Kebijakan ini tertuang dalam Surat Keputusan Bersama (SKB) yang ditandatangani oleh Kementerian Perhubungan, Korlantas Polri, serta Kementerian Pekerjaan Umum. Aturan tersebut menjadi acuan resmi pengaturan lalu lintas kendaraan logistik selama masa libur Lebaran.
Dalam SKB tersebut, pembatasan operasional kendaraan angkutan barang berlaku mulai Jumat, 13 Maret 2026 pukul 12.00 waktu setempat hingga Minggu, 29 Maret 2026 pukul 00.00 waktu setempat. Kebijakan ini mencakup sejumlah ruas tol dan jalan arteri yang diperkirakan mengalami lonjakan kendaraan.
Pemerintah menilai kebijakan ini penting untuk mengantisipasi peningkatan mobilitas masyarakat selama musim mudik. Setiap tahun, jutaan pemudik bergerak dari kota-kota besar menuju berbagai daerah, sehingga kapasitas jalan sering kali mengalami tekanan signifikan.

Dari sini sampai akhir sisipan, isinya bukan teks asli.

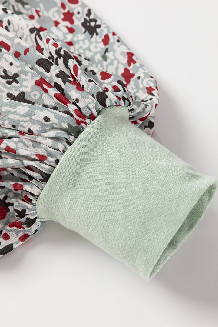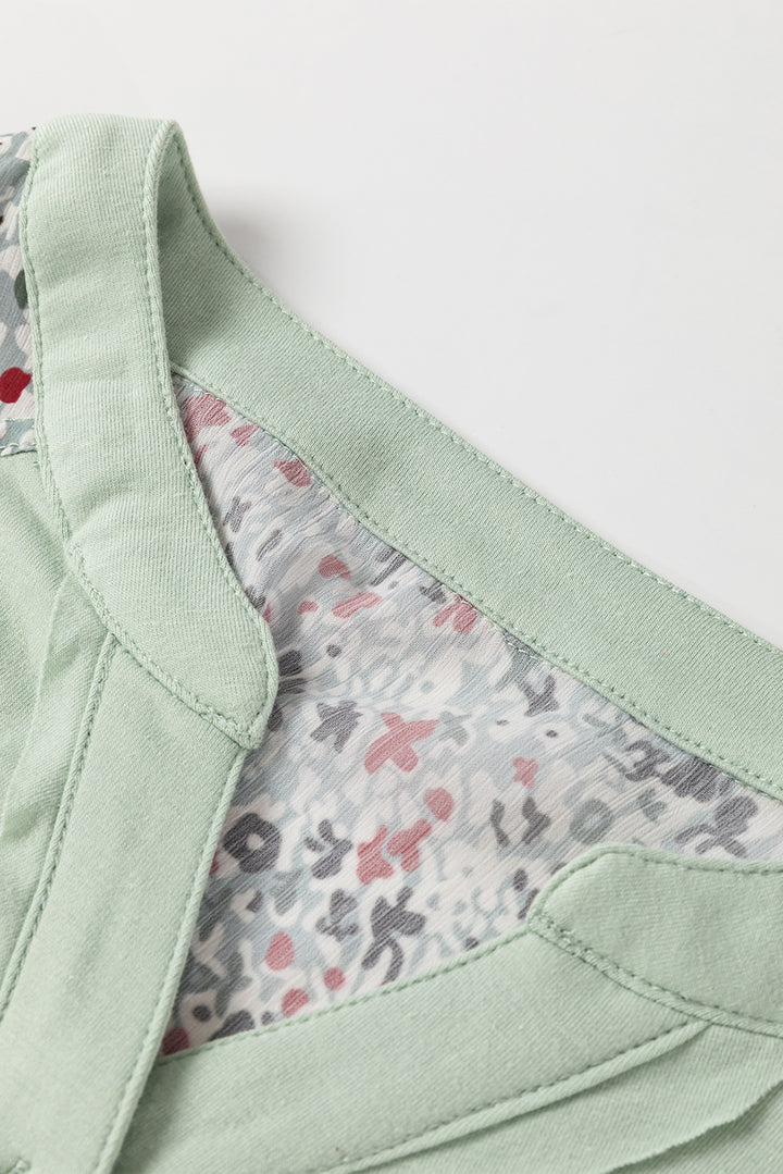 Contrast Printed Bubble Sleeve Henley Loose Top with Slits
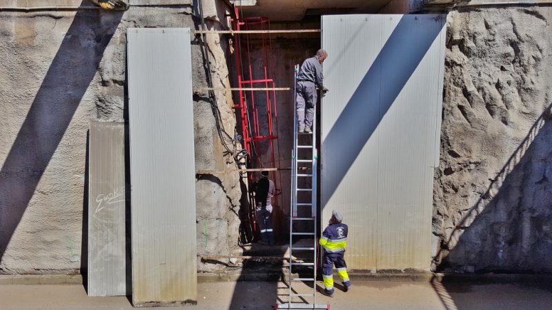 A lo largo de todo el mes se han ido retirando las placas que cubrían el túnel, para rematar las obras esta semana con la canalización de todo el cableado eléctrico que quedó al descubierto tras la retirada de los paneles metálicos, por parte de la empresa Ohmsa, mientras operarios municipales procedían a retirar las últimas cuatro placas que quedaban, las que cubrían el hueco de la bomba extractora de agua, con la intención de retranquearlos y volverlos a colocar a la altura de la pared.

Direktur Jenderal Perhubungan Darat, Aan Suhanan, menyatakan pembatasan operasional kendaraan logistik dilakukan untuk menjaga kelancaran lalu lintas sekaligus meningkatkan aspek keselamatan perjalanan masyarakat.
Menurutnya, kebijakan ini juga mengikuti pola pengaturan transportasi yang sebelumnya diterapkan saat periode Lebaran maupun libur Natal dan Tahun Baru. Pengaturan kendaraan barang dinilai efektif mengurangi kepadatan di jalur utama.
Jenis kendaraan yang terkena pembatasan antara lain mobil barang dengan tiga sumbu atau lebih, kendaraan yang menggunakan kereta tempelan, kereta gandengan, serta kendaraan pengangkut hasil tambang, galian, dan bahan bangunan.
Sementara itu, kendaraan angkutan barang dengan dua sumbu masih diperbolehkan beroperasi selama masa mudik. Namun pengecualian berlaku jika kendaraan tersebut mengangkut material galian seperti pasir, tanah, batu, maupun bahan bangunan seperti semen dan besi.
Meski demikian, pemerintah tetap memberikan pengecualian bagi sejumlah kendaraan logistik yang mengangkut komoditas penting. Kendaraan yang membawa bahan bakar minyak (BBM), bahan bakar gas (BBG), hewan ternak, pupuk, bantuan bencana, serta kebutuhan pokok tetap diperbolehkan melintas.
Namun kendaraan tersebut wajib memenuhi sejumlah persyaratan administratif. Salah satunya adalah memiliki dokumen muatan resmi yang diterbitkan oleh pemilik barang dan memuat informasi jenis barang, tujuan pengiriman, serta identitas pengirim.
Dokumen tersebut juga harus ditempelkan pada kaca depan sebelah kiri kendaraan agar mudah diperiksa petugas di lapangan. Ketentuan ini bertujuan memastikan distribusi barang penting tetap berjalan tanpa mengganggu kelancaran arus mudik.
Kebijakan pembatasan kendaraan logistik ini diharapkan mampu menciptakan keseimbangan antara kebutuhan distribusi barang dan kelancaran mobilitas masyarakat selama periode Lebaran 2026.